**What you have to do:** Only lines holding the word "entre" should be copied from the material.

**Exercise data:**
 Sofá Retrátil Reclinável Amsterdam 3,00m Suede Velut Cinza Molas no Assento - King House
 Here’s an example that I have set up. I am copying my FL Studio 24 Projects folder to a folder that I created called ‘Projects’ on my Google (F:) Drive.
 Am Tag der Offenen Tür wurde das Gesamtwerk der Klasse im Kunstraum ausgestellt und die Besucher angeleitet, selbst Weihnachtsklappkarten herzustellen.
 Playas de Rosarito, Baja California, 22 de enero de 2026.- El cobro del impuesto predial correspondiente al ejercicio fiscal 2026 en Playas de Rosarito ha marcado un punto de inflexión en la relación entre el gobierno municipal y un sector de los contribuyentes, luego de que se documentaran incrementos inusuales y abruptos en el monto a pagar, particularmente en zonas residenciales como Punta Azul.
...
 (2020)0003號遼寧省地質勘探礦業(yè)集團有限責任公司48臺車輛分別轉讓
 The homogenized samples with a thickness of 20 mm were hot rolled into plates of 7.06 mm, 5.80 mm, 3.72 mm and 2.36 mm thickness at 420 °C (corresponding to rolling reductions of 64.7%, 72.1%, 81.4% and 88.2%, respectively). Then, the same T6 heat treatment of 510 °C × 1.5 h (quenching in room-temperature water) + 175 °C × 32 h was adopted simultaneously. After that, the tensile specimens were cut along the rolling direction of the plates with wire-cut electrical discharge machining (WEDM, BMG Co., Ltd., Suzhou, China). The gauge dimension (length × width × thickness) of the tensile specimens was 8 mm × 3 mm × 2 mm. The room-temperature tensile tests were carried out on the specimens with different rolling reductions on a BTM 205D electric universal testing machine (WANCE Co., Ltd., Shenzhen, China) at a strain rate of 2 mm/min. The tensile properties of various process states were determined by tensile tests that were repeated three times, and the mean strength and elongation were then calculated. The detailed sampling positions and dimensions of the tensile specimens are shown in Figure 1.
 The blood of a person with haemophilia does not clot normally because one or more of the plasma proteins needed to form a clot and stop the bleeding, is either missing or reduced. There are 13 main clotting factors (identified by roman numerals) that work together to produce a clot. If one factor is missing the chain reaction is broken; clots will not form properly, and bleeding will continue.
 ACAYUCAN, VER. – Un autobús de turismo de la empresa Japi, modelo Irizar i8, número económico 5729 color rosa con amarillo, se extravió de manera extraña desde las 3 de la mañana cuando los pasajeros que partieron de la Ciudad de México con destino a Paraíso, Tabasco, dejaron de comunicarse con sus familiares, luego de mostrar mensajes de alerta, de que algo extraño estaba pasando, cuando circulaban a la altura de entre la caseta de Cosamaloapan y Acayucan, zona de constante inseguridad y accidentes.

**Your response:**
 Playas de Rosarito, Baja California, 22 de enero de 2026.- El cobro del impuesto predial correspondiente al ejercicio fiscal 2026 en Playas de Rosarito ha marcado un punto de inflexión en la relación entre el gobierno municipal y un sector de los contribuyentes, luego de que se documentaran incrementos inusuales y abruptos en el monto a pagar, particularmente en zonas residenciales como Punta Azul.
 ACAYUCAN, VER. – Un autobús de turismo de la empresa Japi, modelo Irizar i8, número económico 5729 color rosa con amarillo, se extravió de manera extraña desde las 3 de la mañana cuando los pasajeros que partieron de la Ciudad de México con destino a Paraíso, Tabasco, dejaron de comunicarse con sus familiares, luego de mostrar mensajes de alerta, de que algo extraño estaba pasando, cuando circulaban a la altura de entre la caseta de Cosamaloapan y Acayucan, zona de constante inseguridad y accidentes.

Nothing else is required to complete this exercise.